» What the exercise asks
Set down exactly the lines below, starting at the one that contains "5月9日下午,信宜市委书记龚" and ending at the one that contains "A Versatile Investment", with both of those lines included and nothing else.

(Collected data entries)
==============================

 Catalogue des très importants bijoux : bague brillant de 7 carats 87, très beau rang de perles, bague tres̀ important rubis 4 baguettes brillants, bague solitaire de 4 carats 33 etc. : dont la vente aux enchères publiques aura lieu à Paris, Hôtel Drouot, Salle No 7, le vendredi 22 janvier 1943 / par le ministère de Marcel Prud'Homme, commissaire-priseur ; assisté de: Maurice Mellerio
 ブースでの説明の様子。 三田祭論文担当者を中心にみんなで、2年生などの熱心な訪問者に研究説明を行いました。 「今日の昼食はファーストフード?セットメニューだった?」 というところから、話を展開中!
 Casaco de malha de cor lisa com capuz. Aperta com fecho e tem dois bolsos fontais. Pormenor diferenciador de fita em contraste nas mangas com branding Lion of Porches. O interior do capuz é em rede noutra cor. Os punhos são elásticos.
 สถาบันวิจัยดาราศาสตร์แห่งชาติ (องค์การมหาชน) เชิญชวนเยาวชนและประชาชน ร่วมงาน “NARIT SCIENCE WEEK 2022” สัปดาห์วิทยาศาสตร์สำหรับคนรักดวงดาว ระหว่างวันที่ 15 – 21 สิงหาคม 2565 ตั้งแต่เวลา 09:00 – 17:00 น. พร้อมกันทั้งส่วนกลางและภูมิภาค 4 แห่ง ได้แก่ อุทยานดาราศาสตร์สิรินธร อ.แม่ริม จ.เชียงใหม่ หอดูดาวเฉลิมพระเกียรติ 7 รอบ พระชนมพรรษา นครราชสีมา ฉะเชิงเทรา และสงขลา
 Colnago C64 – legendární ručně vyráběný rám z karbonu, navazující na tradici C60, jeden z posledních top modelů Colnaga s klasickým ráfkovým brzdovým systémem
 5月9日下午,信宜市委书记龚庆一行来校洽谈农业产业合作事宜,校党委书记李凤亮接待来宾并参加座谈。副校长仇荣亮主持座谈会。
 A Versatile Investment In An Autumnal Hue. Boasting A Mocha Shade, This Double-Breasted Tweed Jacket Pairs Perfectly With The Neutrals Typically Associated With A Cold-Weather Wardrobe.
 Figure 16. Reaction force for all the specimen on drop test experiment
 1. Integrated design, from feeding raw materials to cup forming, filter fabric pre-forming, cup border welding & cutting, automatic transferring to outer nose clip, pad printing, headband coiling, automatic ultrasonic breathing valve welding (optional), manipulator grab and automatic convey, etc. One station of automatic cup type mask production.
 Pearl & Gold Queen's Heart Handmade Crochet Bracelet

==============================

» Expected answer
 5月9日下午,信宜市委书记龚庆一行来校洽谈农业产业合作事宜,校党委书记李凤亮接待来宾并参加座谈。副校长仇荣亮主持座谈会。
 A Versatile Investment In An Autumnal Hue. Boasting A Mocha Shade, This Double-Breasted Tweed Jacket Pairs Perfectly With The Neutrals Typically Associated With A Cold-Weather Wardrobe.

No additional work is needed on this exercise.